On peut retenir de ces deux séries de découverte, d'une part le rôle d'un « hasard guidé » dans la recherche de solutions, et d'autre part l'importance, en croissance rapide, de l'ingénierie génétique.
Références
1) Ilot PKS
http://www.inserm.fr/actualites/rubriques/actualites-recherche/e.-coli-contre-s.-aureus-une-activite-antibiotique-inattendue
2) An Anti-Infective Synthetic Peptide with Dual Antimicrobial and Immunomodulatory Activities.” Scientific Reports 6 (November 2, 2016) : 35465. (open access)

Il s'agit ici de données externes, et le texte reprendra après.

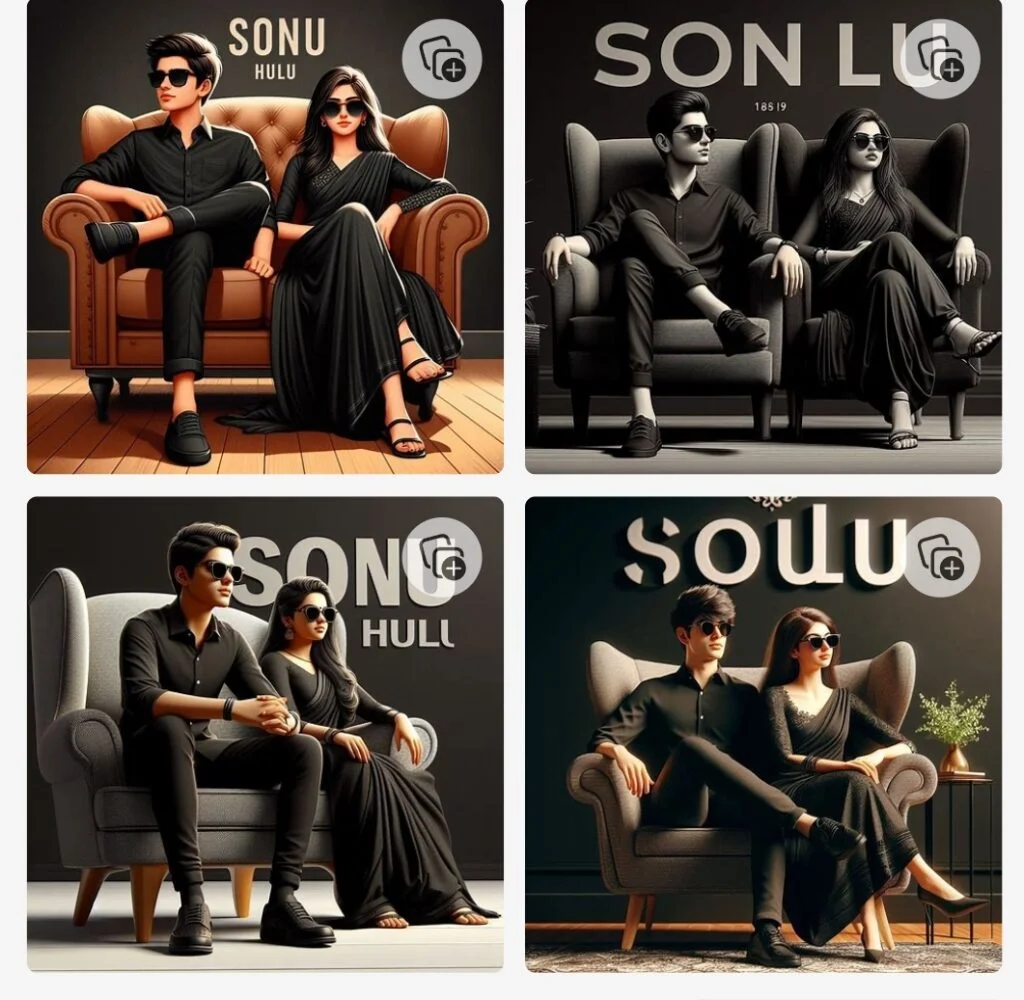 Create a 3D illustration for a profile picture of an 18-year-old couple sitting comfortably in a wing chair. The boy is wearing a black shirt pants and sunglasses, and the girl is wearing a black saree and sunglasses. He is looking ahead. "Sonu" and "Hulu" are written in large font on the black wall in the background.
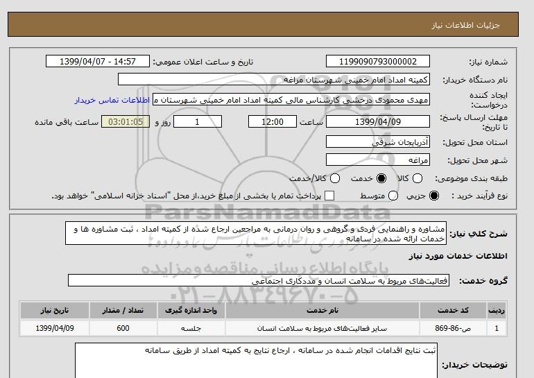 شرح کلی نیاز: مشاوره و راهنمایی فردی و گروهی و روان درمانی به مراجعین ارجاع شده از کمیته امداد ، ثبت مشاوره ها و خدمات ارائه شده در سامانه
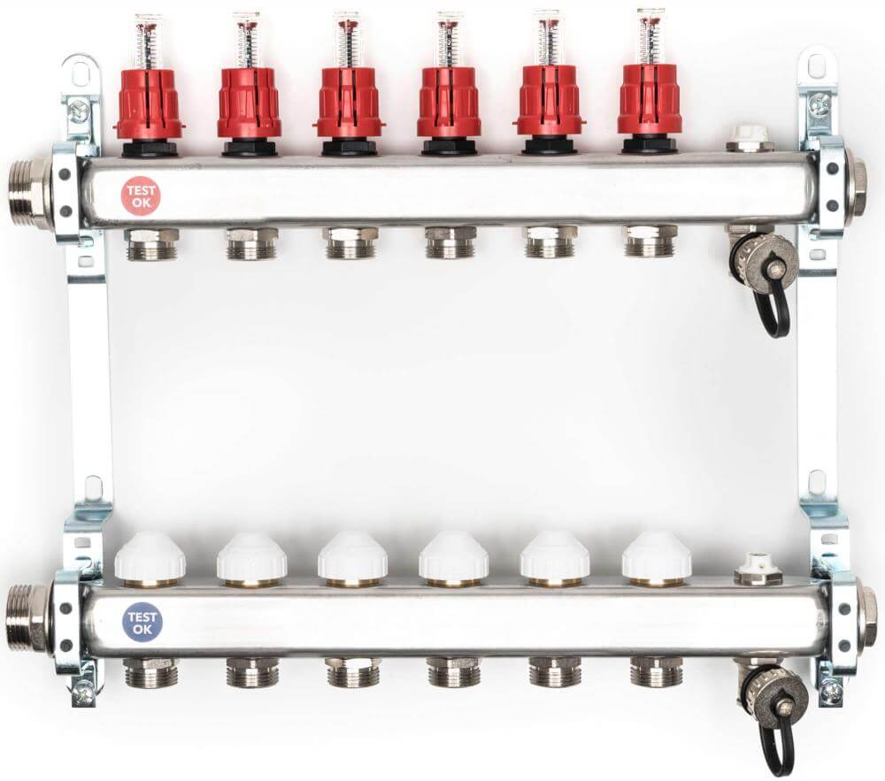 - 1 x Heizkreisverteiler aus Edelstahl für 6 Heizkreise

https://dspace.mit.edu/handle/1721.1/105167
Abstract
An anti-infective synthetic peptide with dual antimicrobial and immunomodulatory activities
Antibiotic-resistant infections are predicted to kill 10 million people per year by 2050, costing the global economy $100 trillion. Therefore, there is an urgent need to develop alternative technologies. We have engineered a synthetic peptide called clavanin-MO, derived from a marine tunicate antimicrobial peptide, which exhibits potent antimicrobial and immunomodulatory properties both in vitro and in vivo. The peptide effectively killed a panel of representative bacterial strains, including multidrug-resistant hospital isolates. Antimicrobial activity of the peptide was demonstrated in animal models, reducing bacterial counts by six orders of magnitude, and contributing to infection clearance. In addition, clavanin-MO was capable of modulating innate immunity by stimulating leukocyte recruitment to the site of infection, and production of immune mediators GM-CSF, IFN- ? and MCP-1, while suppressing an excessive and potentially harmful inflammatory response by increasing synthesis of anti-inflammatory cytokines such as IL-10 and repressing the levels of pro-inflammatory cytokines IL-12 and TNF-a. Finally, treatment with the peptide protected mice against otherwise lethal infections caused by both Gram-negative and -positive drug-resistant strains. The peptide presented here directly kills bacteria and further helps resolve infections through its immune modulatory properties. Peptide anti-infective therapeutics with combined antimicrobial and immunomodulatory properties represent a new approach to treat antibiotic-resistant infections.